** Opening Exercise data block **
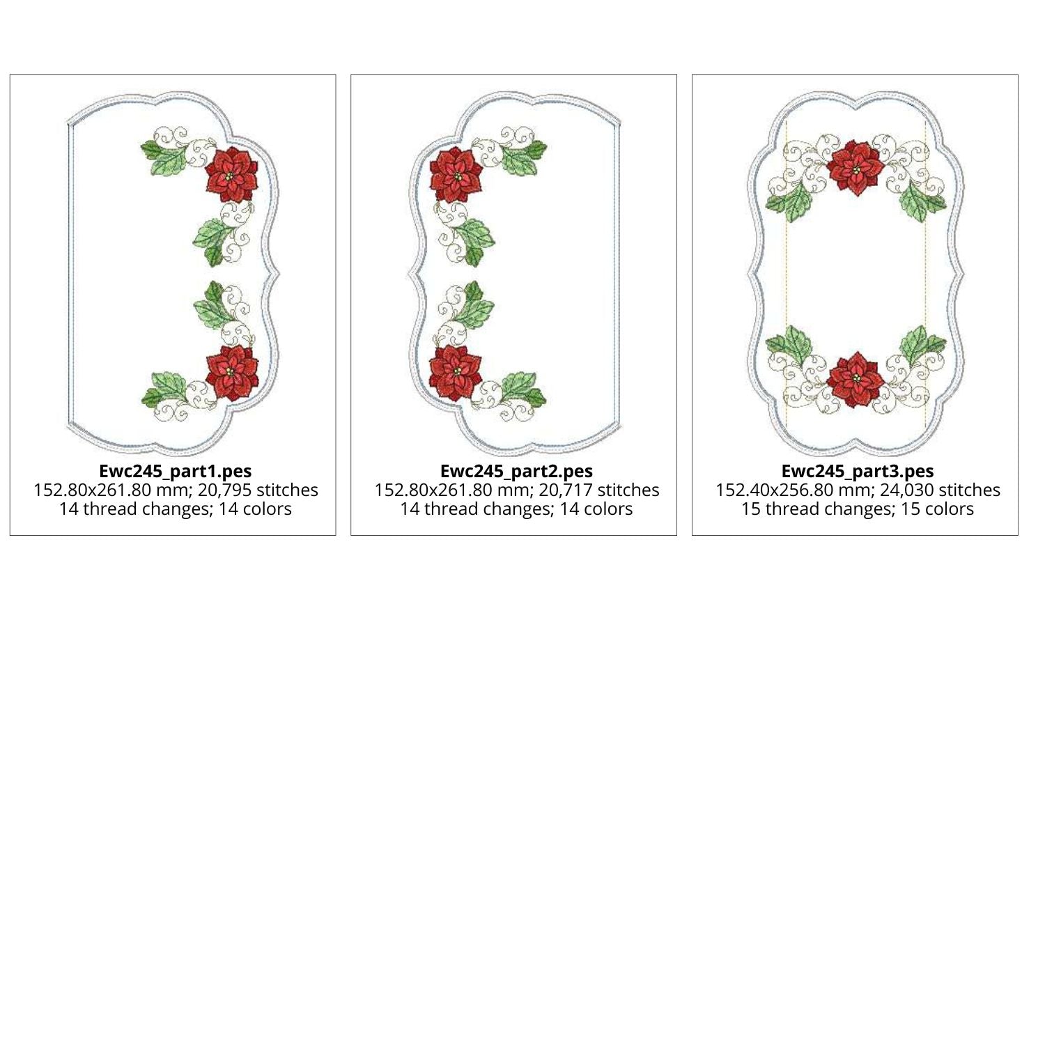 The finished size of the ITH Festive Table Mat is 15.5 inches wide x 10 inches high
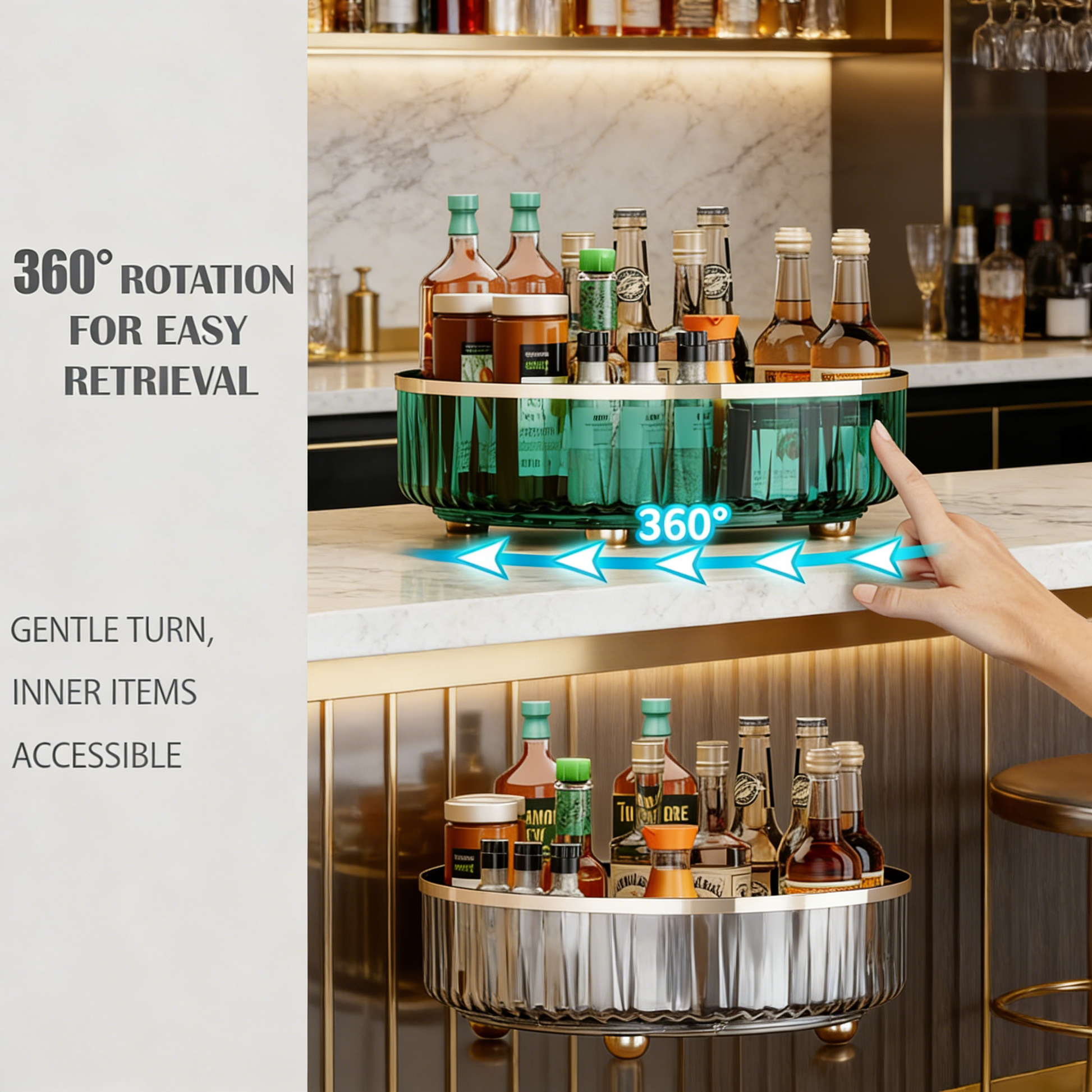 Features silent and smooth 360-degree rotation, allowing easy access to all items with a gentle spin.
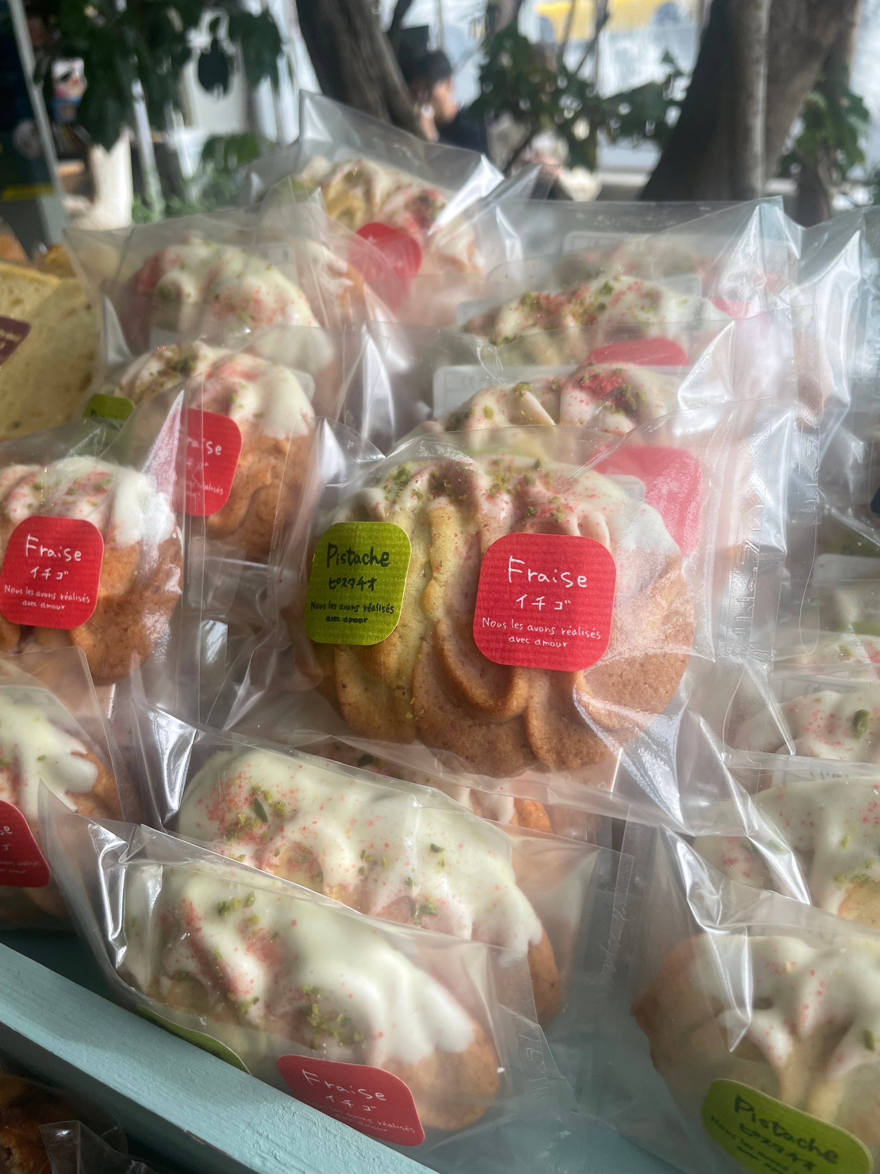 小麦粉・バター・砂糖・卵・苺ソース・ピスタチオプードル・苺濃縮液・ホワイトチョコ・ピスタチオ・バニラペースト・塩
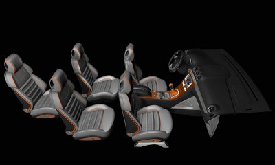 From its exquisitely sculpted steering wheel – with electronic up shift and downshift buttons integrated into bold thumb grips – to the hip-hugging forms of the contoured sports seats, the interior of the SAV Concept is performance orientated.
** Closing Exercise data block **
**What to work on**.
Go to the line above holding "Features silent and", then copy exactly each line down to and including the one holding "小麦粉・バター・砂糖・卵・苺", leaving pictures out.

**Exercise result**.
 Features silent and smooth 360-degree rotation, allowing easy access to all items with a gentle spin.
 小麦粉・バター・砂糖・卵・苺ソース・ピスタチオプードル・苺濃縮液・ホワイトチョコ・ピスタチオ・バニラペースト・塩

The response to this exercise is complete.